GitHub Actions Self-Hosted Runner Observability and Monitoring
I led the migration from Jenkins to GitHub Actions (GHA) at Venmo. We were required to run CI/CD pipelines on our infrastructure. One pain point I had with GitHub Actions self-hosted runners was the complete lack of ability to monitor anything related to GHA on the runners.
This GitHub issue describes my pain:
We wanted teams to be more self-sufficient. The old support model wasn’t scaling as the engineering organization grew. Other engineering teams needed our help to create and maintain CI/CD pipelines.
During the adoption of GitHub Actions, we gave engineers free rein to do more or less whatever they wanted on our fleet of self-hosted runners. Of course, terms and conditions may apply – just like your unlimited home internet connection.
Similar to the author of the GitHub issue above, we used GitHub Enterprise Server. We had to host our runners if we wanted to use GitHub Actions.
Our runners were hosted on managed Kubernetes via EKS with the Actions Runner Controller (ARC).
Finally, we used Datadog for our metrics and logging needs.
GitHub Actions Exporter
I used github-actions-exporter to capture some basic metrics, like workflow durations and the number of online runners connected to GitHub Enterprise.
The exporter is an imperfect solution that calls GitHub API on a loop to capture runner and workflow metrics.
Due to the way the GitHub API is laid out, you have to explicitly specify a list of repositories for github-actions-exporter to capture workflow metrics for which is not a great experience. It also means that for every repository you choose to monitor, it makes an additional API call per interval, therefore using up your API quota even faster.
I ran into an issue with
github-actions-exporter that ended with me forking the repo. By default, it includes metrics with very high cardinality, such as
node_id. We had a fleet of ephemeral self-hosted runners with high turnover, so the Prometheus
/metrics endpoint quickly became too large to parse. Our fork rips out many of these fields that we didn’t use for stability.
Making Metrics Useful with GHA Supervisor
The GitHub Actions runner itself doesn’t expose any useful metrics. I installed a datadog agent on the runners to capture the basic metrics, such as CPU, memory, and network utilization.
GitHub doesn’t provide us with an out-of-the-box way to tie information about CI workflows into these metrics. For example, we wanted to measure how many resources specific workflows utilized and tie them into their repository.
I wrote a small, hacky script called
GHA Supervisor to solve this problem.
The GHA supervisor would watch the GitHub actions runner log directories for new logs – meaning the runner was assigned a workflow to execute.
It then parses the logs to find the repository’s name and the workflow file’s name. Once we have the information we wanted to tag our datadog metrics, it calls to the kubernetes API to label the pod with the tags. The datadog agent is configured to add these tags to metrics and takes it from here.
Hacky and brittle? Yes, but GitHub didn’t give us any other option.
The result was once a workflow starts on a runner, metrics sent with datadog would tagged with our custom fields.

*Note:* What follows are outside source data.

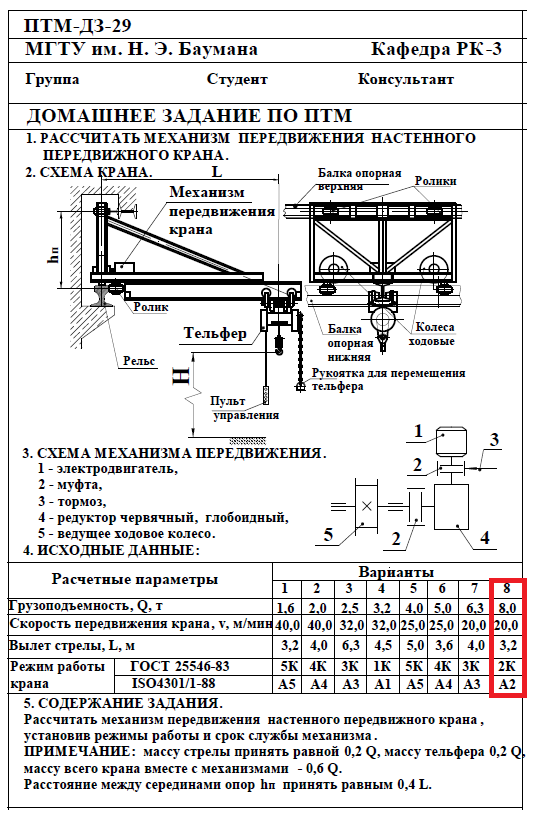 Для студентов МГТУ им. Н.Э.Баумана по предмету Подъёмно-транспортные машины (ПТМ)Расчёт механизма подъёмно-транспортной машины (ПТМ)Расчёт механизма подъёмно-транспортной машины (ПТМ)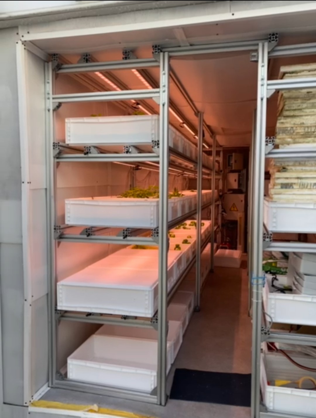 Im Anschluss haben wir die Kisten nach und nach auf mehrere Etagen Im Container verteilt. Durch die Etagen gab es rechts und links auf den Schienen genug Platz für alle Kisten und Kräutersorten. Für das optimale Pflanzenwachstum gibt es dazu ein paar Tricks, wie die Installation von Luftpumpen, die Sauerstoff ins Wasser sprudeln und damit auch das Algenwachstum unterbinden. Durch weitere Tools, wie Temperatur-Einstellungen haben wir es den Pflanzen im Container ordentlich gemütlich gemacht – sie sollen ja prächtig gedeihen. Für noch mehr Komfort sorgen die rot-gelben LED-Lämpchen über den Kräutern.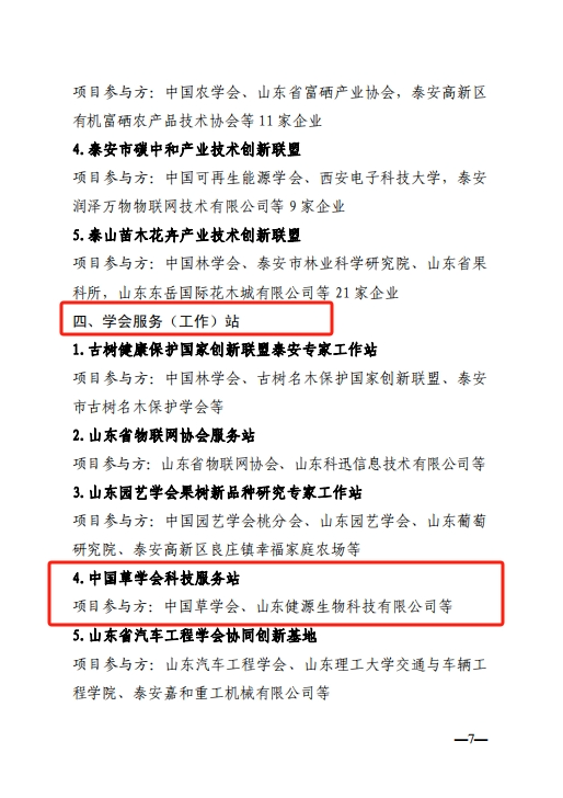 中國草學(xué)會泰安服務(wù)站落戶健源生物—“科創(chuàng)中國”試點(diǎn)市入選項目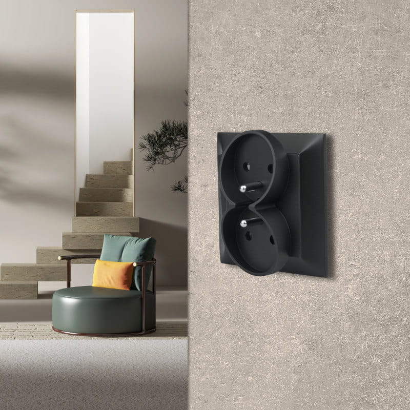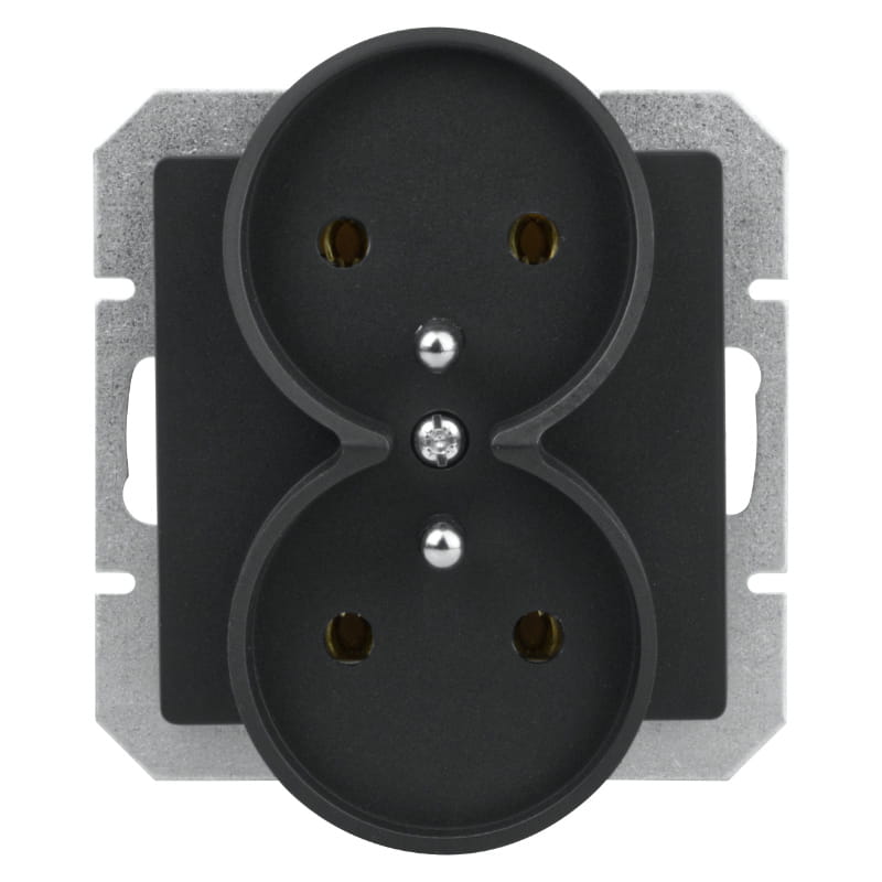 Gniazdo podwójne 2P+Z bez ramki, podtynkowe, czarne, Premium, TIMEX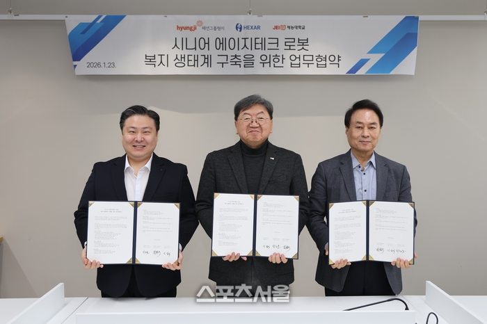 [스포츠서울 | 백승관 기자] 재능대학교(총장 이남식)는 23일 재능관 13층 대회의실에서 패션그룹형지, 헥사휴먼케어와 함께 ‘시니어 에이지테크 로봇 복지 생태계 구축’을 위한 3자 업무협약(MOU)을 체결했다.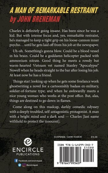 Charles is definitely going insane. Has been since he was a kid. But with intense focus and, yes, remarkable restraint, he's managed to keep a tight grip on his loose-cannon inner psycho... until he gets laid off from his job at the newspaper. Uh-oh. Something's gonna blow. Could be a blood vessel in his brain. Could be a helicopter packed with ammonium nitrate. Good thing he meets a rowdy but warm-hearted Vietnam Vet named Stanley "Apocalypse" Nowell when he heads straight to the bar after losing his job. At least now he has a friend. Things appear to be looking up when he gets some freelance work ghostwriting a novel for a cartoonishly badass ex-military, soldier-of-fortune type; and when he awkwardly meets a nice young woman who works at the post office. But, alas, things are destined to go down in flames. Come along on this madcap, darkly comedic odyssey with a deeply troubled, self-antagonistic protagonist. A man with a bright mind and a dark soul - Charles [last name withheld to protect the innocent].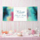 A wedding banner with a cool and stylish abstract design. Watercolors mix and mingle to create the illusion of a space image. Green with swirls of purple, yellow and light red blend together with a smattering of white dots and stars. A cool trippy creation.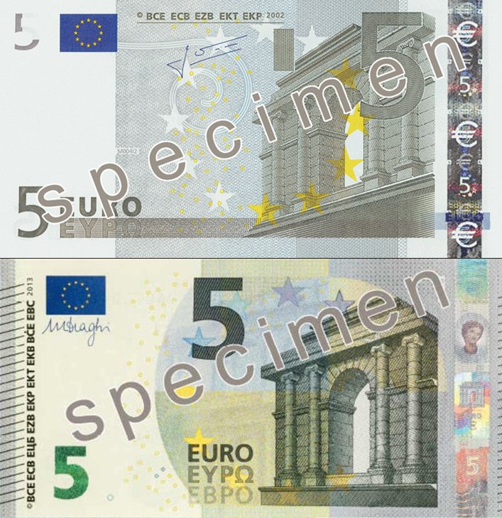 Νεα χαρτονομισματα του Ευρω 1 από PeriklisP Δεν είναι ακριβώς Breaking News για να το ποσταρουμε και πρωτοσέλιδο, αλλά here it goes: 11 χρόνια μετά την πρώτη φορά που τα πιάσαμε στα χέρια, τα χαρτονομίσματα του ευρώ αλλάζουν! Σήμερα αποκαλύφθηκε το σχέδιο για το νέο 5ευρω. Η ιδέα πίσω από το σχέδιο θα είναι παρόμοια, με την μια πλευρά να φέρει κάποιο σημείο σταθμό της ευρωπαϊκής αρχιτεκτονικής και την άλλη τον χάρτη της Ευρώπης και μια γέφυρα της αντίστοιχης περιόδου. Τα νέα χαρτονομίσματα θα διατηρήσουν τον χαρακτηριστικό χρωματισμό τους, αλλά θα φέρουν πιο έντονα τα σχεδία και τα χρώματα καθώς θα έχουν και βελτιωμένες προδιαγραφές ασφαλείας. Επίσης, έχουν γίνει ενημερώσεις στον χάρτη της Ευρώπης για να φαίνονται τα νέα κράτη-μελη και πλέον η επιγραφή ΕΥΡΩ θα γράφεται πέρα απο την λατινική(EURO) και την ελληνική(ΕΥΡΩ) γραφή και με κυριλλική(ΕΒΡΟ) για να καλύπτεται και η Bουλγαρια ως κράτος μέλος. Ακολουθήστε τα αποκαλυπτήρια εδω In the beginning the Universe was created. This has made a lot of people very angry and has been widely regarded as a bad move. -The Hitchhiker's Guide to the galaxy ΠαράθεσηΠέμ 10 Ιαν 2013, 10:38 pm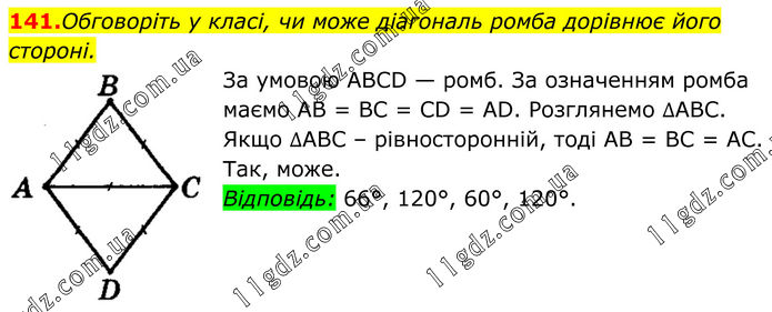 141. Обговоріть у класі, чи може діагональ ромба дорівнює його стороні. За умовою АВСD — ромб. За означенням ромба маємо АВ = ВС = СD = АD. Розглянемо ∆АВС. Якщо ∆АВС – рівносторонній, тоді АВ = ВС = АС. Так, може. Відповідь: 66°, 120°, 60°, 120°.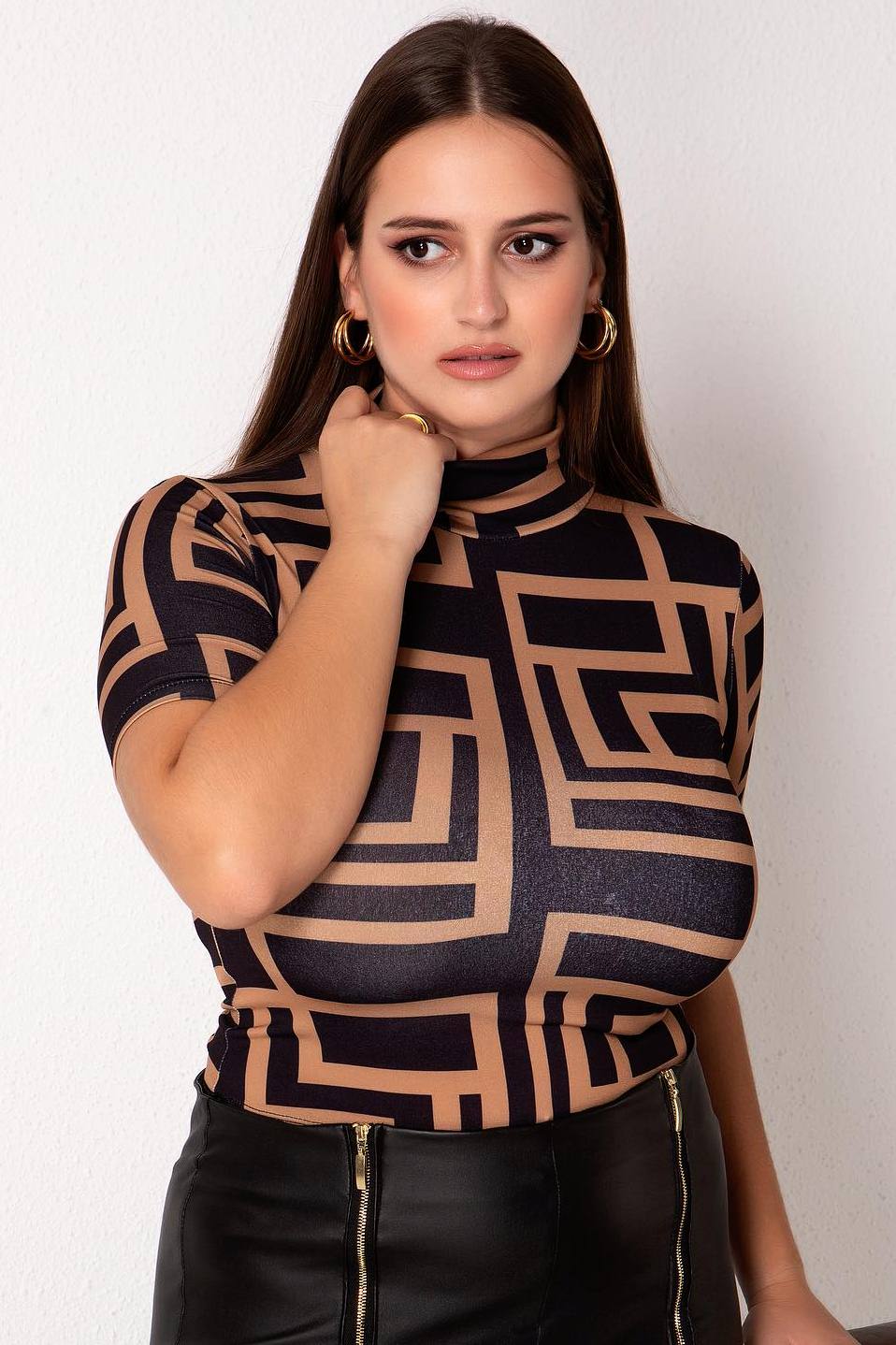 Μπλούζα ζιβάγκο κοντομάνικη, εμπριμέ, με ελαστικότητα

Alerting on Builds that could use Smaller Runners
We wanted to empower teams to use the CI platform without needing too much guidance. Little guidance meant engineers would often use more compute resources than they needed.
Once the GHA Supervisor was tagging metrics with the associated workflows, I created alerts.
I implemented a datadog monitor that alerted a slack channel when the workflow could fit on a smaller runner. For example, we would receive an alert if somebody was using a 4 CPU, 16 GB runner, and they didn’t use more than 2 CPU, 8 GB.
These alerts let us be proactive in reaching out to teams to save costs.
Monitoring the GitHub Actions Queue
Jenkins has a global job queue that you can see and monitor. The global job queue was immensely useful for operators. We knew if the job queue was backing up and how long it takes for a queued job to begin processing.
None of this is available for GitHub Actions out-of-the-box.
workflow_job webhook event that can be used to track
I couldn’t use this event during my time at Venmo because our GitHub Enterprise version was behind, but this is how I would approach it today.
We also implemented synthetic testing to get more observability into our CI/CD system for our customers.
The goal of our synthetic testing was to be quickly notified of what CI/CD features were down for users, such as artifact storage or deployments. Synthetics give us a way of making this determination instead of monitoring the failure rate of our users' pipelines.
The problem with monitoring a global pipeline failure rate is that you can’t tell if spikes in failures are due to issues in the CI system or code-related. We couldn’t answer questions such as “are Artifactory issues causing builds to fail?”
The synthetics were implemented as GitHub Actions workflows that ran every minute using a cron workflow.
We had a synthetic test covering each use case that we wanted to ensure worked.
For instance, a workflow tested for successful pushes and pulls to/from Artifactory. Another workflow tested if we had connectivity to EKS.
The metrics from the synthetics let us put together an availability dashboard for our developers to know exactly what features were up or down at any given time.